Based on this vision, eBay engineers wanted to reduce blindness, detect patterns and anomalies, and automate IT operations. The major hurdle was to identify all data sources and connect isolated management domains, an ideal task to be solved using a knowledge graph.
One of the first steps in developing a knowledge graph is to calculate the best application metrics and applied machine learning algorithms to automatically cluster the applications. We developed metrics that measured the popularity of applications based on real-time traffic flows and run-time dependencies.
Using this approach, eBay engineers could organize their service ecosystem in clusters (galaxies) based on how active they were.
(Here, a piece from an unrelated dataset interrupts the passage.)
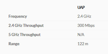 Среди ее продуктов есть точки доступа под названием UniFi. Они предназначены для использования в помещениях, и там предлагается четыре модели: от недорогой UniFi UAP, работающей в диапазоне 2,4 ГГц на скоростях до 300 Мб/c до двухдиапазонной UniFi UAP-AC, работающей на скоростях 450-1300 Мб/с.
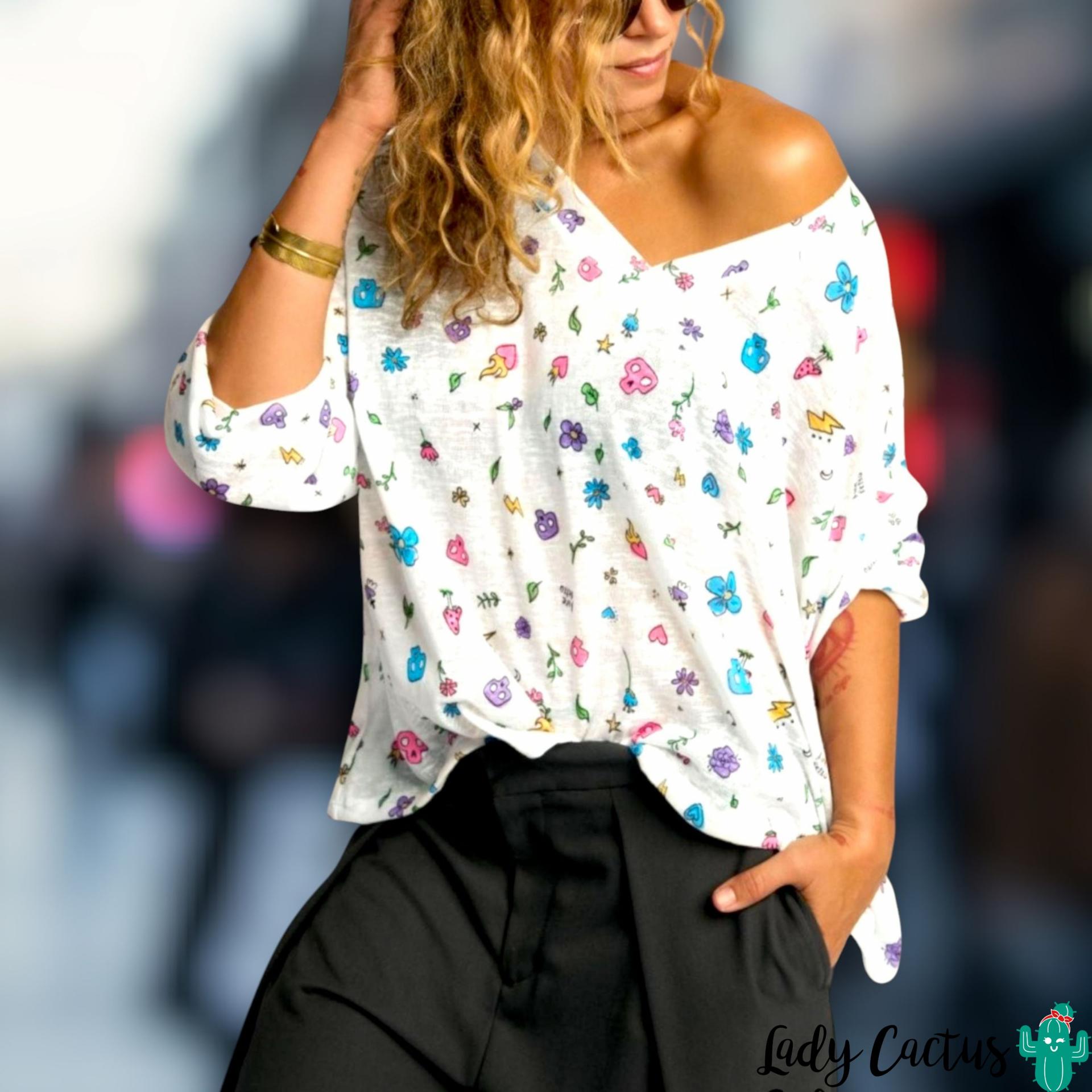Ideal para looks casuales con vaqueros, shorts o faldas, la Dibujitos es esa camiseta que no pasa desapercibida.

About 77% of the more than 3,000 eBay services turned out to belong to low-activity clusters, while 10% of the remaining, high-activity applications ended up located in an incorrect availability zone. This provided the first chance to improve customer experience by way of this novel approach. Other dimensions explored by eBay architecture knowledge graph are dependencies between services and criticality. A graph provides an immediate understanding of multi-dimensional relationships. For example, you can associate meaning to the thickness of arcs connecting nodes, to their color, or to node size.
eBay knowledge graph is built automatically from the different data sources identified and can be searched using a custom graph search tool that dynamically generates a query for the graph. This is the base for providing customizable visualization, application metrics, and intelligent layering.
eBay engineers are already at work to add support for anomaly detection, whereby anomalies are represented as graph nodes, and to include service API metadata to further enhance the AI-related aspects of their knowledge graph.